The fact remains, however, that none of the major actors appears to feel that it is ready for war. The most likely actor to strike the first blow would be Addis Ababa, which sees the window of opportunity to check the Courts closing rapidly. Addis Ababa has the most to fear and lose from a united Islamic Somali state, which would carry with it the threat of irredentism and encirclement by hostile and competitive powers. Yet Ethiopia is restrained by recent moves by Washington indicating a shift away from the military option. In a press briefing in Nairobi on November 10, a senior officer in the U.S. Central Command that is based in Djibouti made it clear that Washington does not want Ethiopia in Somalia and that U.S. forces would not participate in a war if it breaks out. The officer, who did not believe that war was imminent, told reporters that its most probable cause would be an I.C.C. attack on Baidoa that would force Addis Ababa's hand.

At present, despite the tense stand-off around Baidoa, it does not appear that the I.C.C. is ready to mount an attack on the provisional capital. Local skirmishes are likely to continue to break out, any of which could get out of hand. The I.C.C. is determined to make inroads into Puntland, Somaliland and the Gedo region, and its advances are likely to trigger firm responses from its opponents.
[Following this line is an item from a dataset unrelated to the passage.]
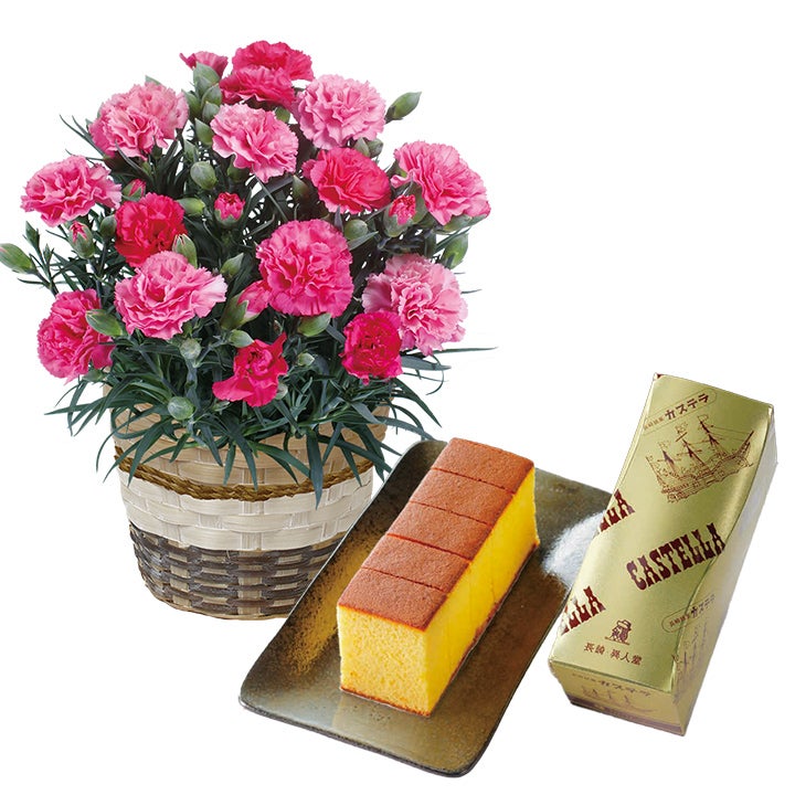 | 内容量 | 幅約19cm×高さ約35cm カーネーションさくらもなか5号鉢、長崎カステラ140g(5切) |

On November 12, the I.C.C. claimed to have taken the town of Bandiradley in the Mudug region after a firefight with militias loyal to Qeybdid backed by Puntland and Ethiopian forces. The capture of Bandiradley would bring the Courts closer to the Puntland border than they had previously been and would open a path for them to Galkayo, the capital of the central Mudug region, which is divided between Puntland and the new regional authority of Galmudug, which has disavowed affiliation with the I.C.C. but has distanced itself from Puntland. I.C.C. fighters announced that they would advance on Galkayo and the Puntland administration responded by mobilizing its security forces in the town, where an Islamic court has recently been formed. It remains to be seen whether the I.C.C. will cross a red line in Mudug.

PINR's judgment in mid-October that general war was not imminent, but that local armed conflicts were likely to break out, has been confirmed through mid-November and still holds, although an I.C.C. takeover of Galkayo would be a major advance, similar in its significance to the Courts' move into Kismayo, and would be likely to draw I.C.C. forces into armed conflict with Puntland militias and their Ethiopian allies.
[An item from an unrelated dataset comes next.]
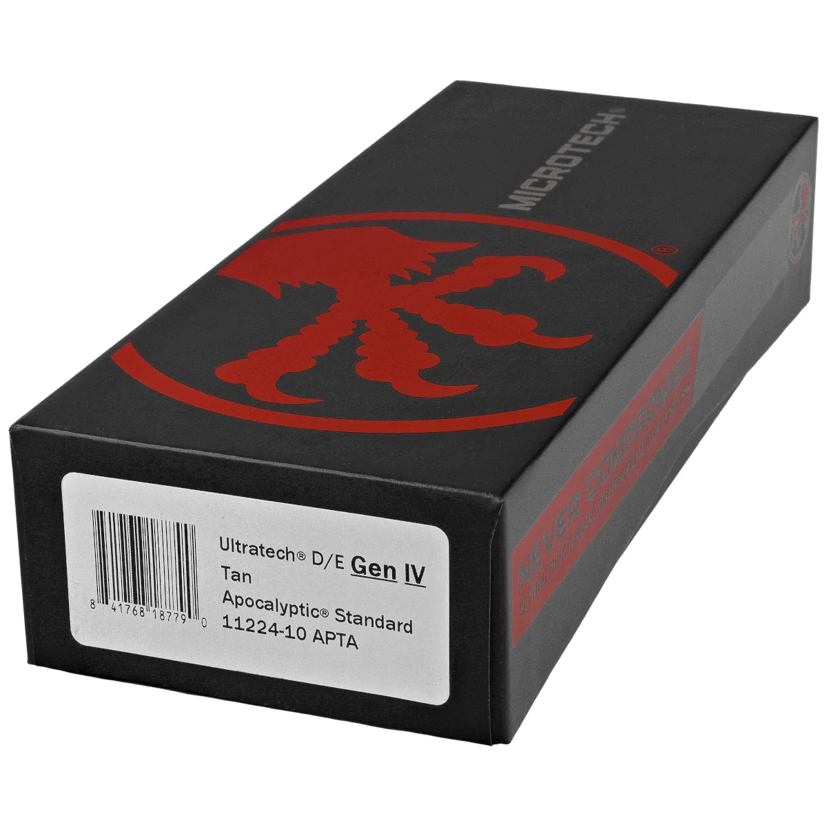 Ultratech Gen IV D/E Tan Aluminium, Apocalyptic to pełnowymiarowy nóż automatyczny OTF (Out The Front) z serii Ultratech. Czwarta generacja modelu Ultratech wprowadza szereg udoskonaleń, takich jak; Crud Kutter™ oraz Dual-Fuel Drive Train™. Przeprojektowano również rękojeść, wzbogacając ją o rozwiązania znane z innych modeli marki Microtech. Pracujący w trybie D/A (Double Action), umożliwia błyskawiczne wysunięcie i schowanie ostrza za pomocą jednego ruchu kciuka. Projekt autorstwa Tony’ego Marfione, właściciela Microtech Knives, łączy nowoczesny design z najwyższą jakością wykonania i niezawodnością charakterystyczną dla tej legendarnej marki.
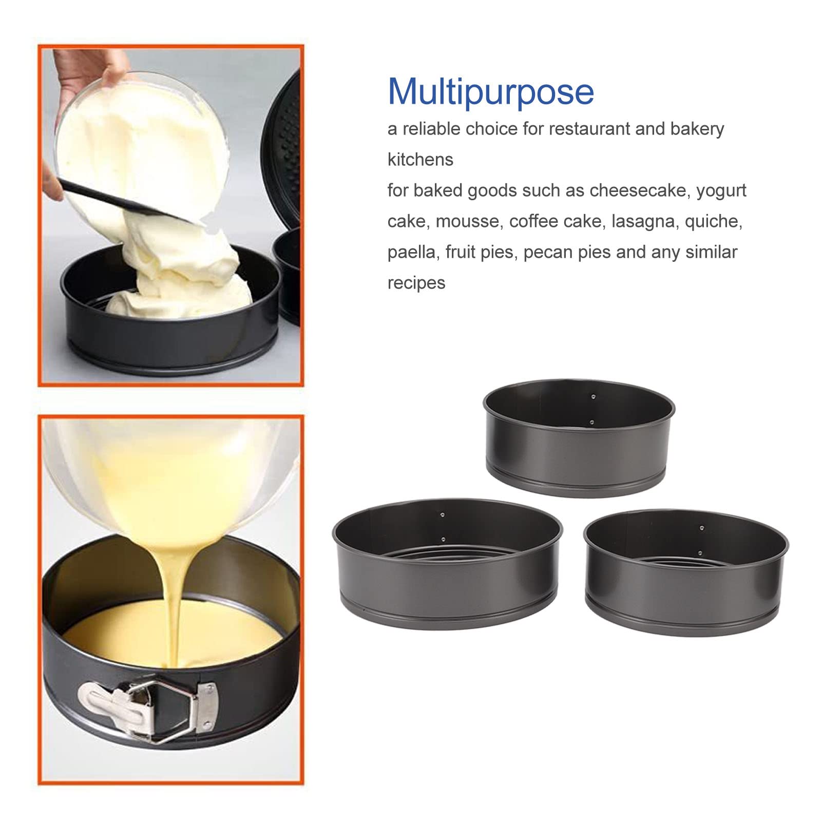 Moules à Charnière Ronds Petit Moule à Gâteau Mini Moules à Gâteau Ronds Pour La Cuisson Des Ustensile Pâtisserie Cheesecake Moule À Manqué À Charnière, 4 Mini Moules À Gâteau Ronds Avec Fond Moule À Manqué À Charnière, 4 Mini Moules À Gâteau Ronds Avec Fond... L'acier inoxydable rend la poêle idéale pour une utilisation directe à la sortie du four Utilisation Polyvalente: Cet moules à gâteaux est polyvalent, y compris le cheesecake, la mousse, le gâteau au yaourt, la quiche, le gâteau au café, les tartes aux fruits, les tartes aux pacanes, les lasagnes, la paella et toute recette similaire Il n'est pas sujet à l'écaillage ou à la fissuration. Spécification : Type d'article : Ensemble de moules à charnière Matériau : acier au carbone, acier inoxydable Liste des paquets : 3 x moules à charnière De plus, ce fermoir à ressort est plus facile à utiliser et plus robuste dans sa construction, ce qui facilite son remplacement Outil de Cuisson Essentiel: Lot de 3 charnière à gâteau ronds est un outil essentiel pour la pâtisserie moderne. Il est capable de préparer des repas parfaits et savoureux avec le bon équipement, ce qui aide à rendre le processus de cuisson fluide 1.[Lot de 3 Moules Antiadhésifs]Ce set de moules à gâteau comprend des tailles de 4 pouces, 7 pouces et 9 pouces, pouvant être utilisés pour préparer des mini-gâteaux, des quiches ou pour réaliser de magnifiques gâteaux doubles ou triples pour toutes les occasions. 2.[Matériau Sécuritaire]Fabriqué en acier au carbone de qualité supérieure avec un revêtement renforcé, le...

Much of the future shape of the conflict depends on how aggressively the I.C.C. presses to complete its revolution and on whether or not the U.N. Security Council lifts its arms embargo (if it does, and A.U. peacekeepers enter Somalia, the I.C.C.'s hand would probably be forced).

With every actor averse to a war, yet unwilling to make the compromises necessary to back away from the brink on account of interfering interests, expect the current period of high tension and deep stasis to continue, perhaps for months ahead.